The American University Library’s Colloquium on Scholarly Communication features experts from both American University and the larger academic community presenting on challenges for academia in the twenty-first century. The Colloquium encompass a variety of topics that present challenges and opportunities to scholars and scholarly institutions, from the complexities of open access publishing to methods of cultural preservation in a digital-first age. Small-group presentations allow faculty and administrators from all disciplines and levels to engage with speakers regarding these key issues shaping the University’s future.
Faculty, administrators, and students interested in issues in scholarly communication are encouraged to join us for this series.
Adding Sizzle to Faculty Scholarship Thursday, November 10, 2016 Training and Events Room 115 10:30 a.m.- 12 p.m. Speaker: Lucretia McCulley RSVP Here
Establishing an institutional repository offers the opportunity to archive faculty research and scholarship, but it also opens the doors for cultivating and promoting faculty scholarship beyond the IR. How can librarians use an IR to develop creative programming and stimulating outreach opportunities that integrate faculty scholarship within the campus community and beyond? Lucretia McCulley, Head of Scholarly Communications and Access Services, at the University of Richmond Libraries will discuss a variety of strategies.
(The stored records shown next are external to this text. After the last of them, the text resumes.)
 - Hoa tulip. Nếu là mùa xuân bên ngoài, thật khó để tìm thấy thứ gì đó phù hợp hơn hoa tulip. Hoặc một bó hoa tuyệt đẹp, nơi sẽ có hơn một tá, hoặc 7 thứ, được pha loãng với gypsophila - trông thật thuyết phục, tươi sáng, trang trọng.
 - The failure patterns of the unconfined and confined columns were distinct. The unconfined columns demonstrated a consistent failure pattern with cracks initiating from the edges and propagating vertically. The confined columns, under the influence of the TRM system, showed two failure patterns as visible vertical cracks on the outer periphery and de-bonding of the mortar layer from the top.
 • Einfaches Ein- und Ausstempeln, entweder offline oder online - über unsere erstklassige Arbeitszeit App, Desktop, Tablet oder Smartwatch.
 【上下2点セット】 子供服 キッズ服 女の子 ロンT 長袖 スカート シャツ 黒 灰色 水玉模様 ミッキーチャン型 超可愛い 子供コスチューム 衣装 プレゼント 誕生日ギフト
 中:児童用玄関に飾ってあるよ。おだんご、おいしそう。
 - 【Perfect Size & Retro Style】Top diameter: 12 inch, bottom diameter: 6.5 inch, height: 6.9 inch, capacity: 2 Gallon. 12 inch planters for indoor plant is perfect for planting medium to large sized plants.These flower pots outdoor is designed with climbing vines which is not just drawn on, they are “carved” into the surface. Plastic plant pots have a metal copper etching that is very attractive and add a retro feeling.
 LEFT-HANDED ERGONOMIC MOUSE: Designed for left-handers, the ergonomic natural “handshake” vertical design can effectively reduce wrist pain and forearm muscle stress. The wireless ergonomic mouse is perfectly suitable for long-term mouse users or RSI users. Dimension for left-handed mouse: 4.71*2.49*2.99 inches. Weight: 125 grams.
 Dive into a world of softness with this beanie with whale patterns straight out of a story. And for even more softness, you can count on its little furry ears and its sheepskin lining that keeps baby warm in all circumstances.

How Libraries and Faculty Are Partnering to Advance Scholarly Communication Thursday, March 2, 2017 Training and Events Room 115 10:30 a.m.- 12 p.m. Speaker: Marilyn Billings RSVP Here
In this presentation Marilyn Billings, Scholarly Communication and Special Initiatives Librarian at the University of Massachusetts Amherst, will focus on how the University of Massachusetts Amherst library established a journal publishing program within its suite of scholarly communication services, the process of getting started, providing ongoing support, and will share lessons learned along the way.
Libraries as Publishers Thursday, April 13, 2017 Training and Events Room 115 10:30 a.m.- 12 p.m. Speaker: Becky Brasington Clark RSVP Here
While publishing activities at the Library of Congress date back to 1802, recent years have seen the emergence and growth of publishing within academic and public libraries worldwide. Clark, Director of the Library of Congress Publishing Office, will focus on trends in library publishing, as well as developments within the Library of Congress Publishing Office, which is exploring new models and collaborations to make the treasures of the world’s largest library accessible to readers worldwide.
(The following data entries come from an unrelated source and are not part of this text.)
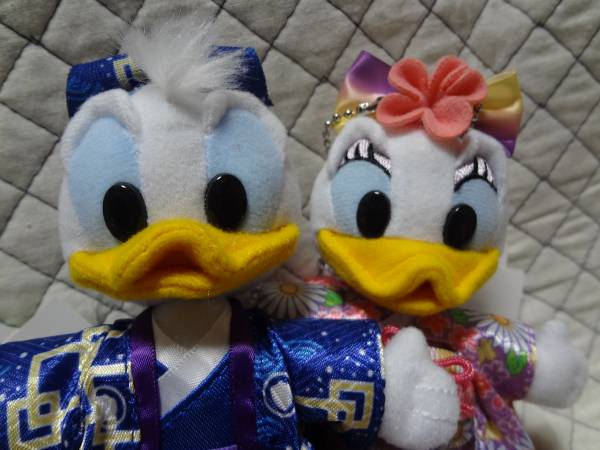 ・ディズニーランドのお正月2014で発売されたドナルド・デイジーのヌイグルミバッジです。
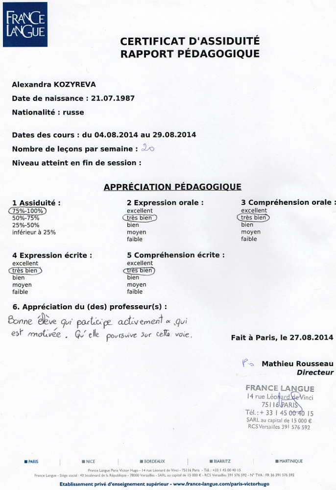 ● Август 2014. Языковая школа «France Langue» в Париже. Курс французского языка (1 месяц)
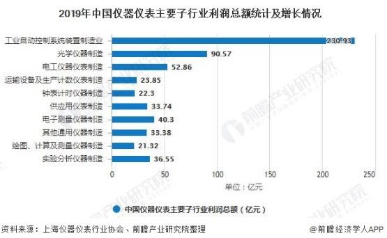 從利潤(rùn)總額來看,工業(yè)自動(dòng)控制系統(tǒng)裝置制造行業(yè)利潤(rùn)總額同樣在儀器儀表子行業(yè)中排名第一,2019年實(shí)現(xiàn)利潤(rùn)總額230.93億元,同比下降3.72%。從增幅來看,光學(xué)儀器制造行業(yè)利潤(rùn)增幅最大,較2018年同比增長(zhǎng)58.94%。
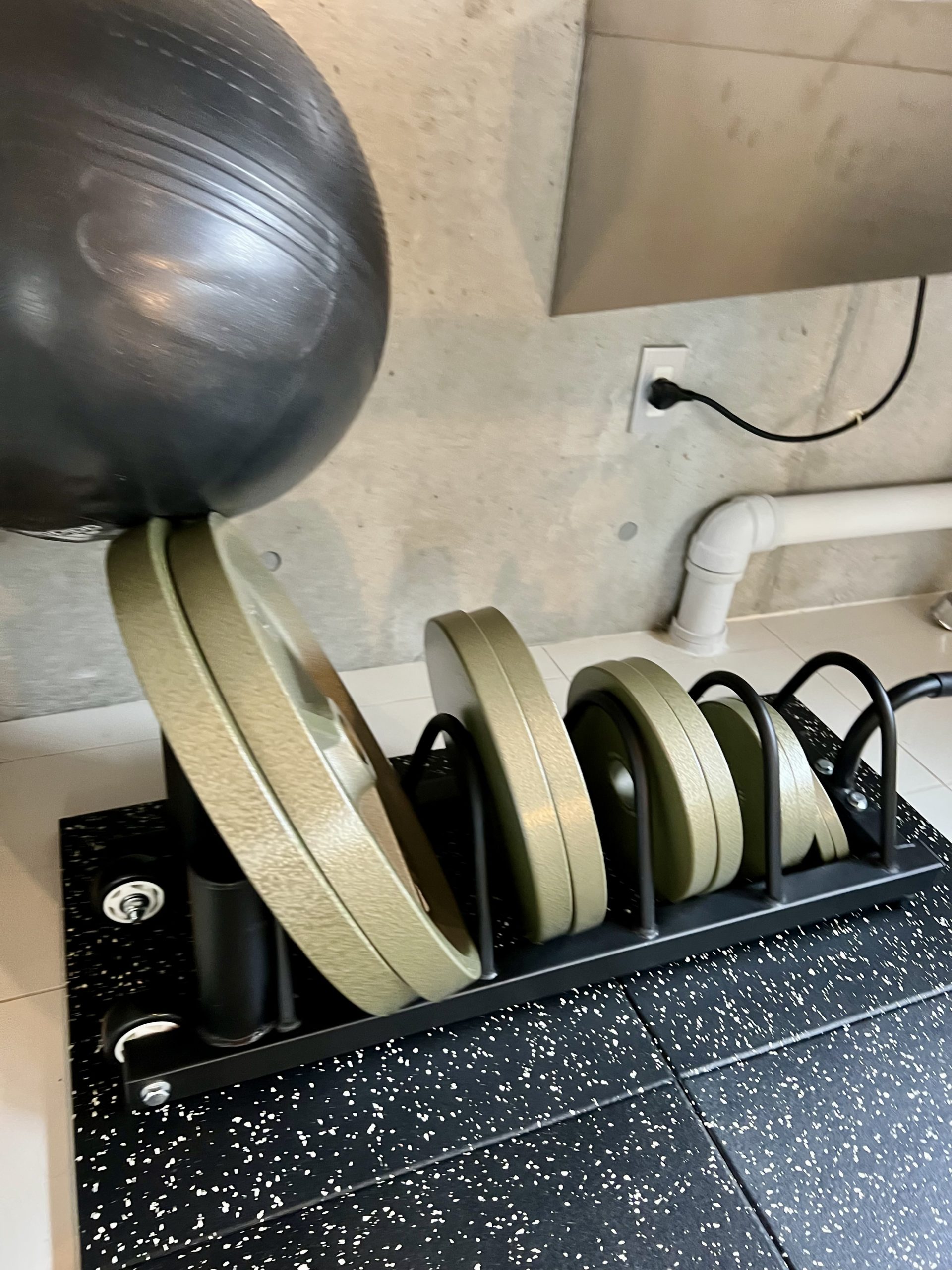 パーソナルジムでは、多角形のプレートもありますが、安全面から円形プレートが主流です。デッドリフトなどでは、多角形だと角が床に先に当たり、不安定になって背骨や関節を痛める恐れがあります。

View all past presentations via our You Tube channel here.
21st Century Scholarly Journal Publishing September 29, 2016
Scholarly journals have 350 years of tradition with the last 50 years bringing about an evolution affecting all phases of the publishing process from author to reader and beyond. Barbara’s briefing provided an overview of where we stand in terms of critical issues such as new author technologies, advanced submission & peer review management software, open access, and altmetrics.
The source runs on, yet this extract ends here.